*** MATERIAL PROVIDED
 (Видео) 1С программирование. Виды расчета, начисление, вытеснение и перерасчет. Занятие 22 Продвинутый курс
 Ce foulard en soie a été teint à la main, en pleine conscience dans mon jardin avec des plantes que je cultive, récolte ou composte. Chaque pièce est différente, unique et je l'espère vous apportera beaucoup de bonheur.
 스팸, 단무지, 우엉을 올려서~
******
*** MATERIAL PROVIDED
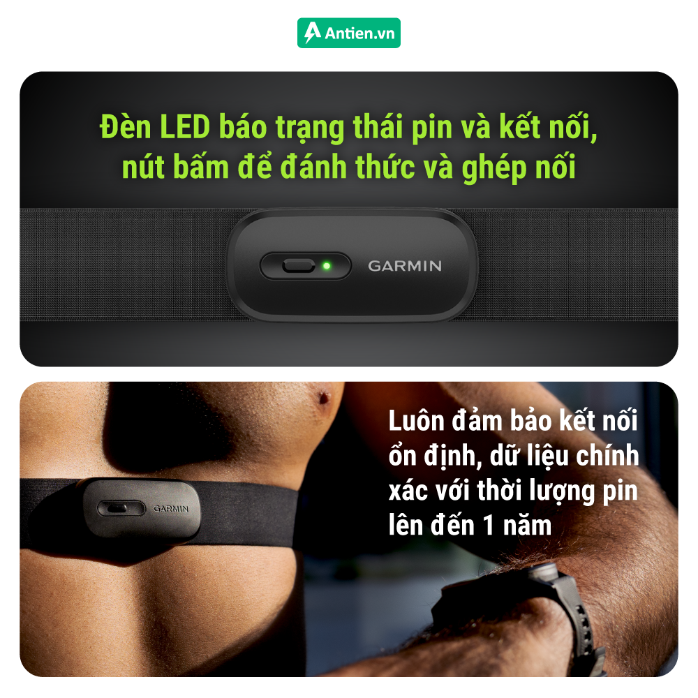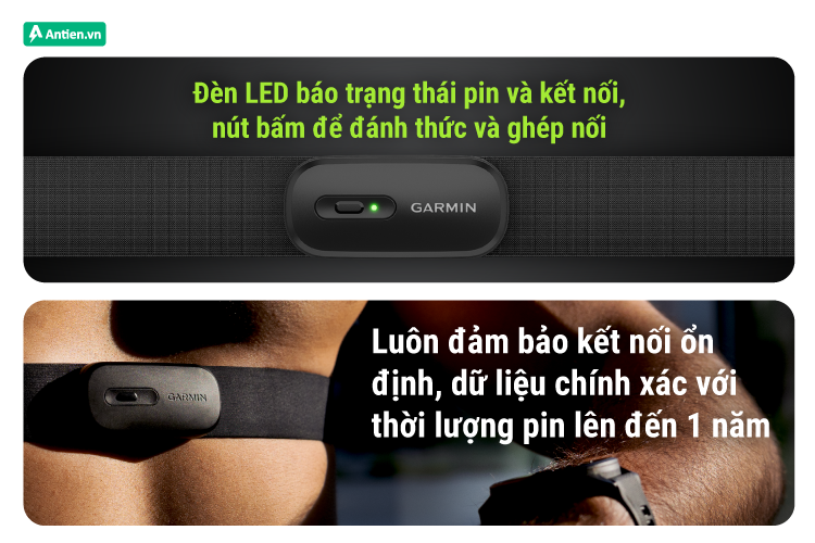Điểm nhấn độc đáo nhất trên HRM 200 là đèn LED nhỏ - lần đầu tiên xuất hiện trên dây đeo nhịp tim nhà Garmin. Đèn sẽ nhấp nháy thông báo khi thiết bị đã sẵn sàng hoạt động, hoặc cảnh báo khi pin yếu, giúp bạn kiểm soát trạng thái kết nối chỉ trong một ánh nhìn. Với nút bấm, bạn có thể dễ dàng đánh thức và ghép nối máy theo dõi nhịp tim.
******
EXERCISE DIRECTIONS: Look above for the line containing "(Видео) 1С программирование.". Output from there through the line containing "스팸, 단무지, 우엉을 올려서~", exactly and inclusively.

EXPECTED ANSWER:
 (Видео) 1С программирование. Виды расчета, начисление, вытеснение и перерасчет. Занятие 22 Продвинутый курс
 Ce foulard en soie a été teint à la main, en pleine conscience dans mon jardin avec des plantes que je cultive, récolte ou composte. Chaque pièce est différente, unique et je l'espère vous apportera beaucoup de bonheur.
 스팸, 단무지, 우엉을 올려서~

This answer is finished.